Two small \(1 kg\) spheres sit isolated in space 1 meter apart. Each
sphere has charge \(+Q\). For what value of \(Q\) is the net force on
each of the masses zero?
For the above configuration, draw the electric field lines and the
equipotential lines.
Four point charges are fixed on the corners of a square with side
length \(d\). If all four have charge \(-q\), what is the electric
potential in the center of the square? What if two have charge
\(+q\) and two have charge \(-q\)?
How much energy is required to create the configuration in #3 in
each of the two cases?
Level 2
You hang a block of charge \(q\) and mass \(m\) from a string in
the presence of a uniform electric field parallel to the ground.
You notice that the block stays at rest when the string is
displaced from the vertical by an angle \(\theta\). What is \(E\), the
magnitude of the uniform electric field?
A rod of uniform charge density is situated on the $x$-axis from
\(x=0\) to \(x=L\). The rod has total charge \(+Q\). What is the
electric field at a point along the $x$-axis for \(x > L\)? What
happens as \(x\) becomes much larger than \(L\)?
Suppose we have a uniformly charged ring of radius \(R\) and charge
\(Q\).
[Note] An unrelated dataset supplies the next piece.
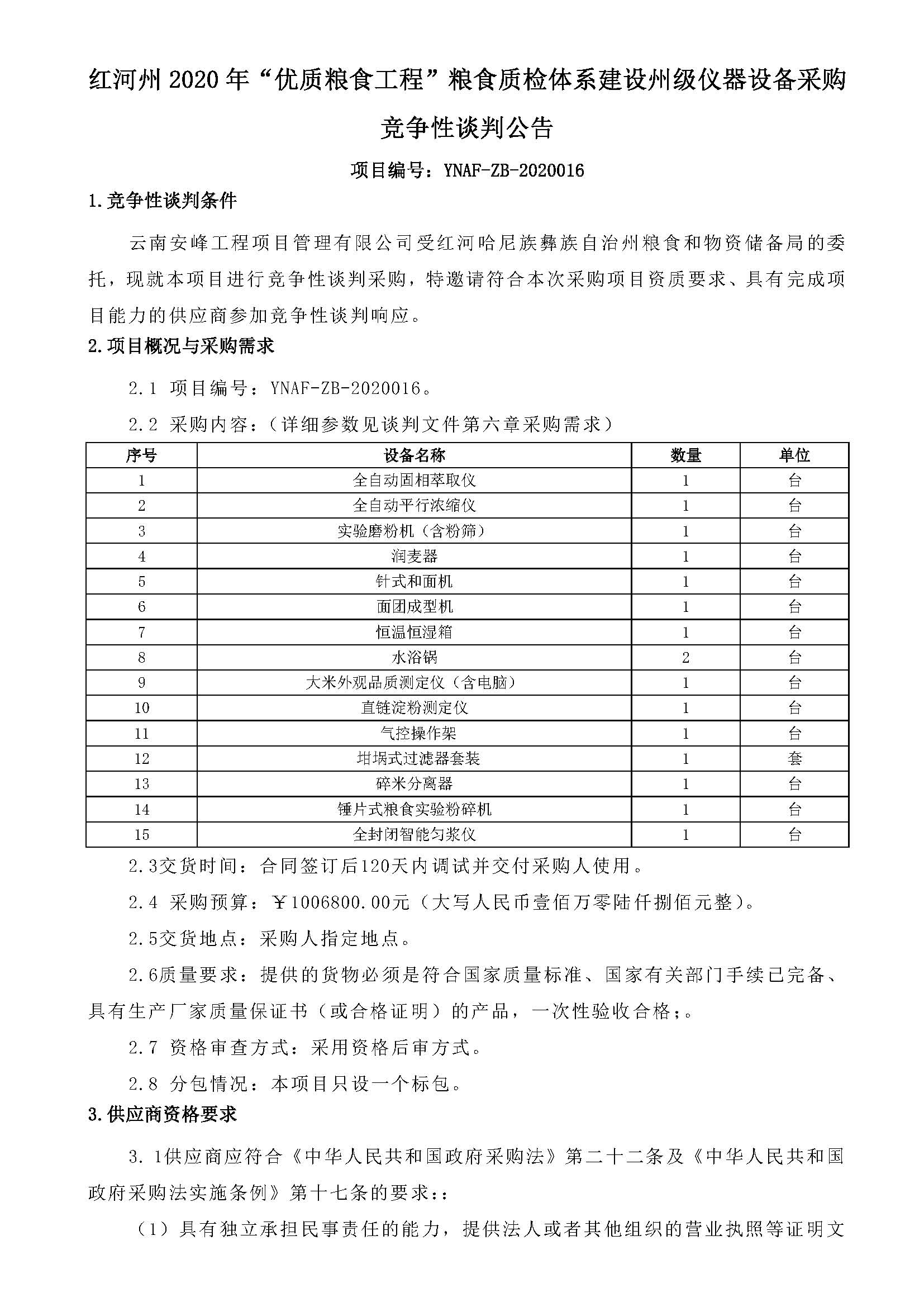 紅河州2020年“優(yōu)質(zhì)糧食工程”糧食質(zhì)檢體系建設(shè)州級(jí)儀器設(shè)備采購(gòu) 競(jìng)爭(zhēng)性談判公告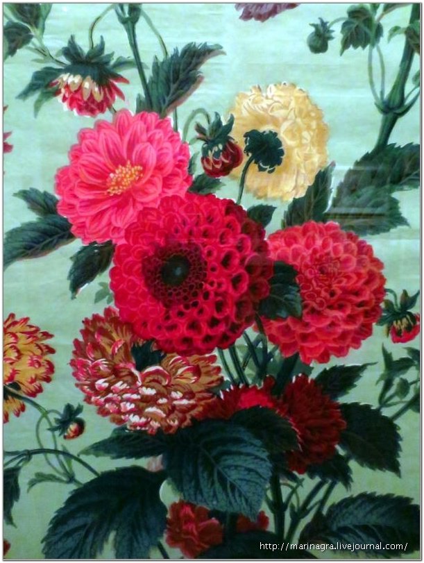 Напрашивается вопрос, не является ли "Ботаника" копией какой-либо китайской скатерти? Я так не думаю. Поскольку композиция рисунка всё-таки платочная - углы и боковые приставки, штампочки по полю. Но всё-таки очень хочется подержать эту "Ботанику" в руках!

Calculate the electric field and the electric potential
directly in the center of the ring. Now suppose the bottom half of
the ring were removed. Would the magnitude of the electric field
at the same point increase or decrease? How about the electric
potential?
Two point charges lie on the $y$-axis. A charge of \(+q\) is located
at \(y=+1m\), and a charge of \(-q\) is located at \(y=-1m\). What is the
electric field at an arbitrary point \((x,y)\) in this space?
Level 3
Suppose we have a disk of radius \(R\) in the $xy$-plane
centered at the origin with a uniform charge density and total
charge \(Q\). By treating the disk as a series of concentric rings,
find the electric field at an arbitrary point along the $z$-axis.